### Exercise description
Beneath this line are entries. Copy the range from the line with "- Long Battery" to the line with "Ideal para halterofilia, powerlifting", ends included, exactly; leave pictures out.

### Material for the task

↓

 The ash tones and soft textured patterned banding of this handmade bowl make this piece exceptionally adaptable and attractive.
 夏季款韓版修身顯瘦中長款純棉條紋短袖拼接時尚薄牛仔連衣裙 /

↑
↓

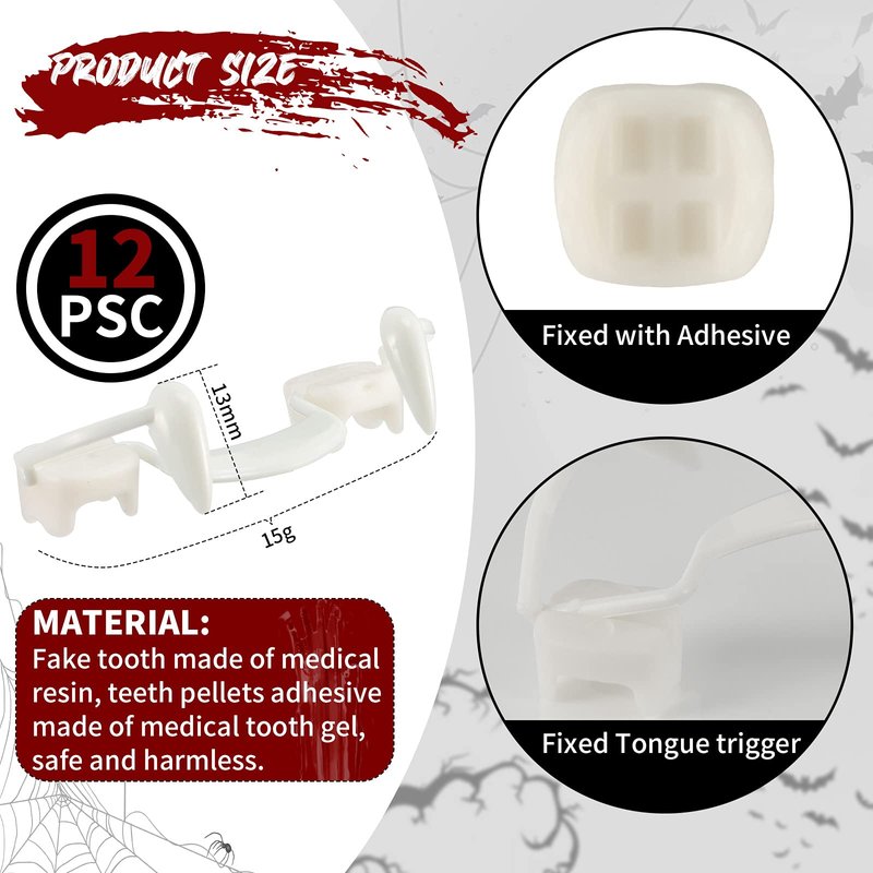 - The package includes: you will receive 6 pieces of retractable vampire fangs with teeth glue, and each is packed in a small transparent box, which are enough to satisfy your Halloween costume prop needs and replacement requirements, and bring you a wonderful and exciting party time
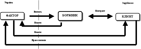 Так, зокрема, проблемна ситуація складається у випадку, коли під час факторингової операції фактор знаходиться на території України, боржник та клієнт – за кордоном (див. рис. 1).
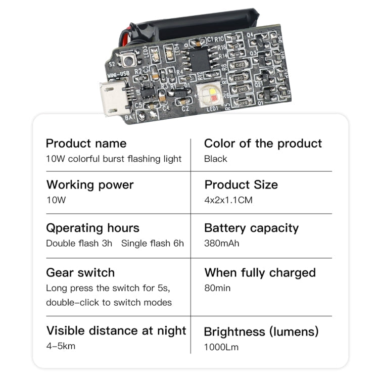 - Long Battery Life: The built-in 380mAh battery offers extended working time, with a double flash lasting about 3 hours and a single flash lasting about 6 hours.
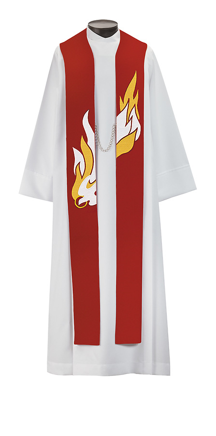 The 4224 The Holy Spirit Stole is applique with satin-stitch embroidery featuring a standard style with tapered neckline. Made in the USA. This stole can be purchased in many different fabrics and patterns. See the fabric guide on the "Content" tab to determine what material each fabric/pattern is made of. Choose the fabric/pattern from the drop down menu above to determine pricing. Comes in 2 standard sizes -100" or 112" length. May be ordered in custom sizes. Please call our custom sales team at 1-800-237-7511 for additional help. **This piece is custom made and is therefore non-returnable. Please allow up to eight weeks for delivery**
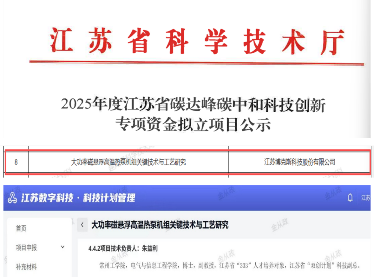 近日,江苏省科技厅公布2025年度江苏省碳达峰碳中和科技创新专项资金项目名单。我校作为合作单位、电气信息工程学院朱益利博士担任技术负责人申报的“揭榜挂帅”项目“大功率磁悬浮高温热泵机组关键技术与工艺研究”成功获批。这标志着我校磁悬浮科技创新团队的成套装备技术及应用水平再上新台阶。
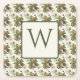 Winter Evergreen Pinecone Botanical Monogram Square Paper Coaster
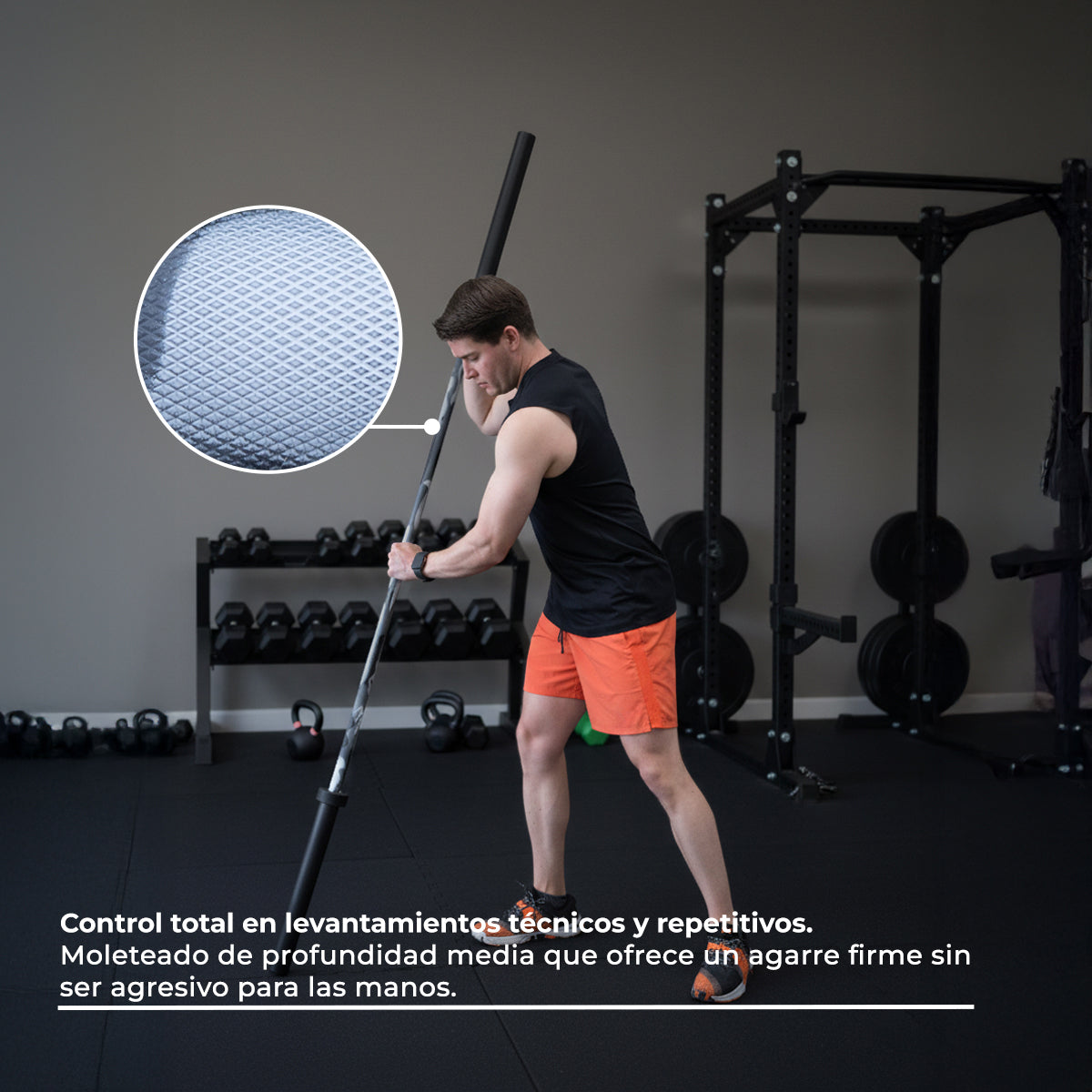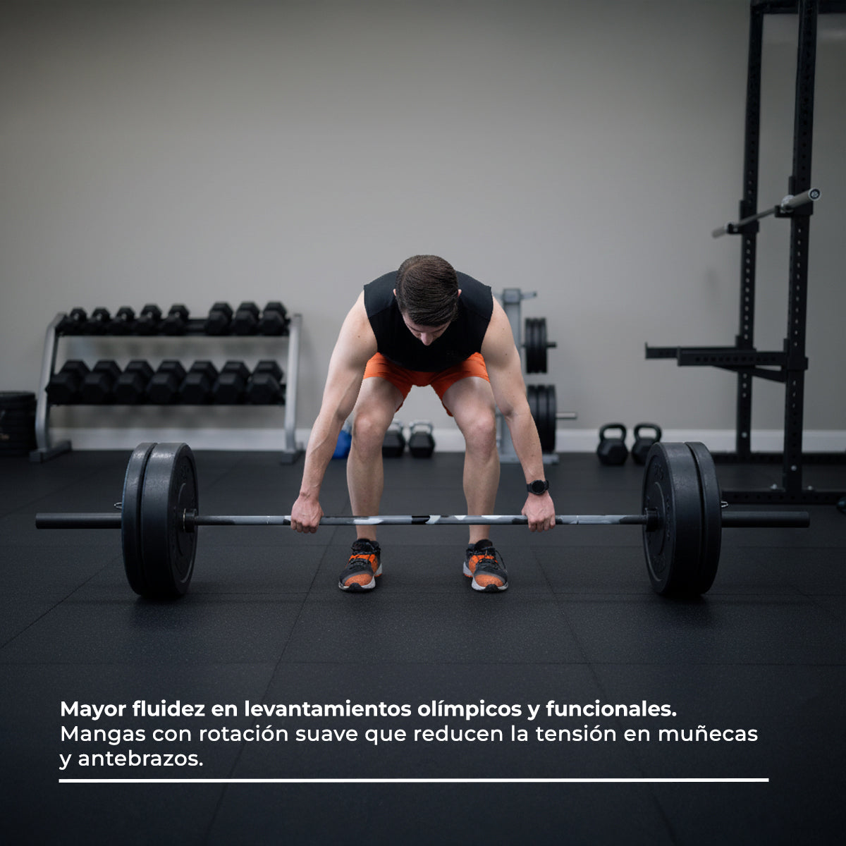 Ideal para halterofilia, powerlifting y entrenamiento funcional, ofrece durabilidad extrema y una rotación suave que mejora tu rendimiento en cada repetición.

↑
↓

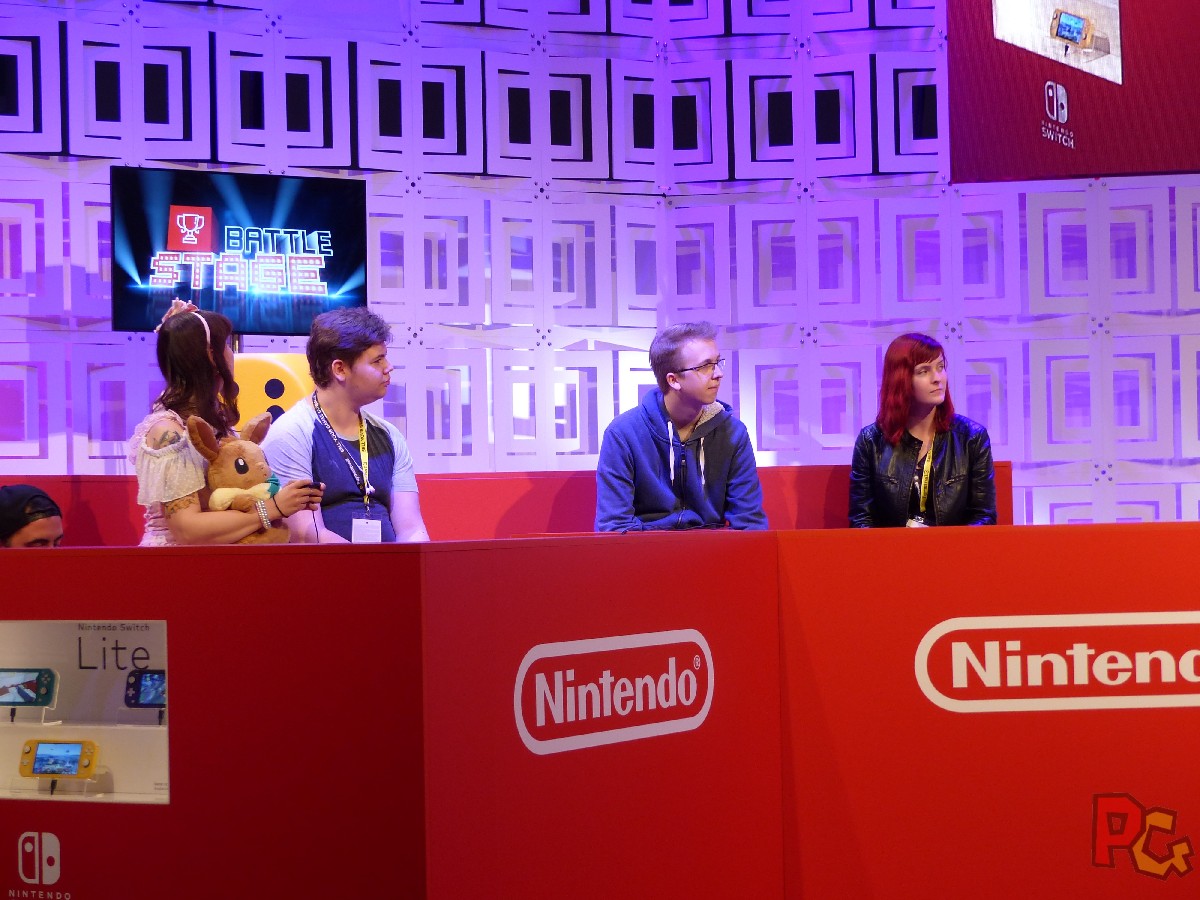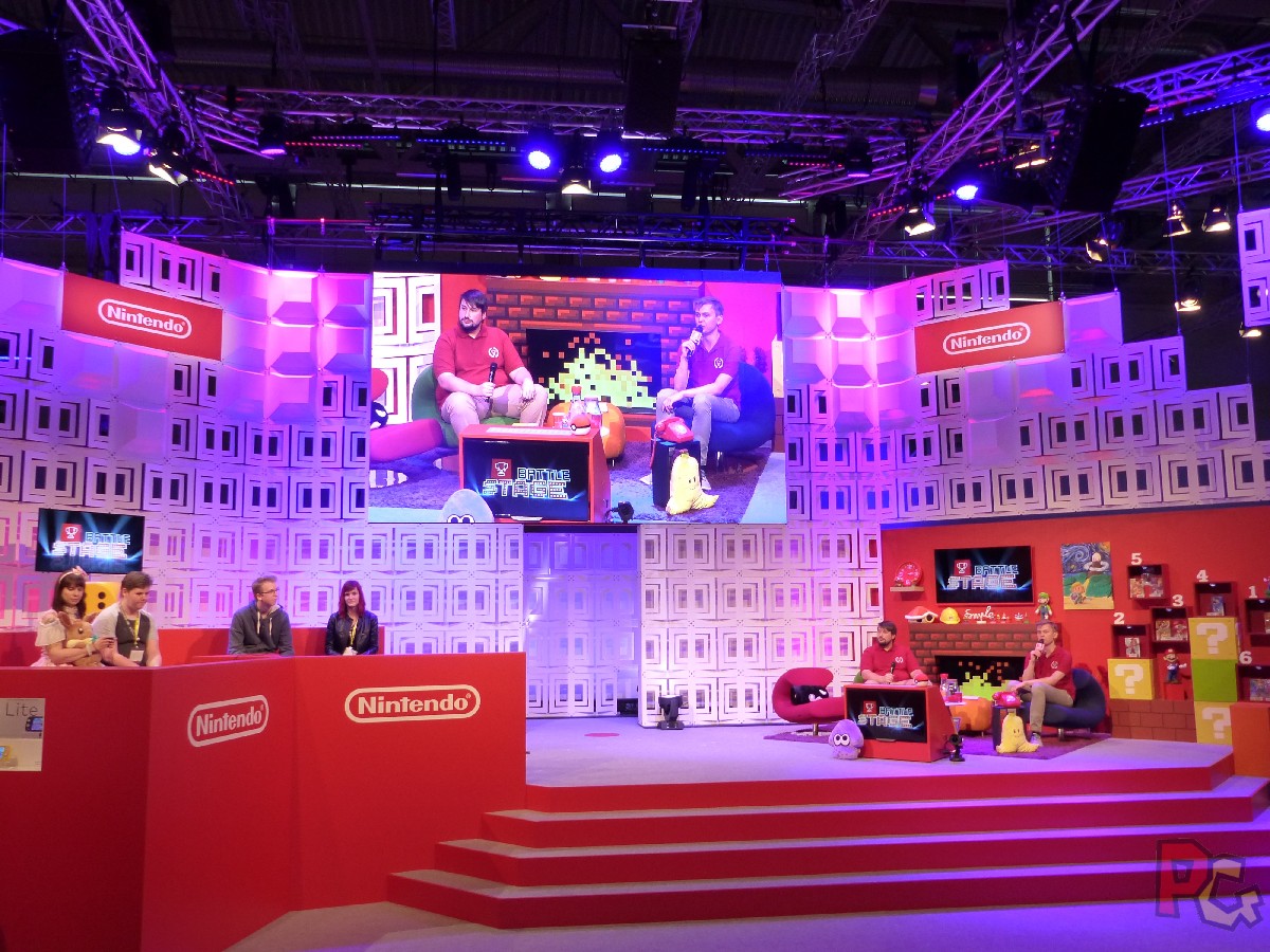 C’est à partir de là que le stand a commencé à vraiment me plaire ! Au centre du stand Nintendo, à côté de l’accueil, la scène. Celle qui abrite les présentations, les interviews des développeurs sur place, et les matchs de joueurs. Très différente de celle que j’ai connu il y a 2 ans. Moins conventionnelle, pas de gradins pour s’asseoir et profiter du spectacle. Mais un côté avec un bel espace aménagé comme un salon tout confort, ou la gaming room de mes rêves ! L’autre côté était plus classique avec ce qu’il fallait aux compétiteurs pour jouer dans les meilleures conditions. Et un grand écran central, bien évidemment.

↑

### Solved problem
 - Long Battery Life: The built-in 380mAh battery offers extended working time, with a double flash lasting about 3 hours and a single flash lasting about 6 hours.
 The 4224 The Holy Spirit Stole is applique with satin-stitch embroidery featuring a standard style with tapered neckline. Made in the USA. This stole can be purchased in many different fabrics and patterns. See the fabric guide on the "Content" tab to determine what material each fabric/pattern is made of. Choose the fabric/pattern from the drop down menu above to determine pricing. Comes in 2 standard sizes -100" or 112" length. May be ordered in custom sizes. Please call our custom sales team at 1-800-237-7511 for additional help. **This piece is custom made and is therefore non-returnable. Please allow up to eight weeks for delivery**
 近日,江苏省科技厅公布2025年度江苏省碳达峰碳中和科技创新专项资金项目名单。我校作为合作单位、电气信息工程学院朱益利博士担任技术负责人申报的“揭榜挂帅”项目“大功率磁悬浮高温热泵机组关键技术与工艺研究”成功获批。这标志着我校磁悬浮科技创新团队的成套装备技术及应用水平再上新台阶。
 Winter Evergreen Pinecone Botanical Monogram Square Paper Coaster
 Ideal para halterofilia, powerlifting y entrenamiento funcional, ofrece durabilidad extrema y una rotación suave que mejora tu rendimiento en cada repetición.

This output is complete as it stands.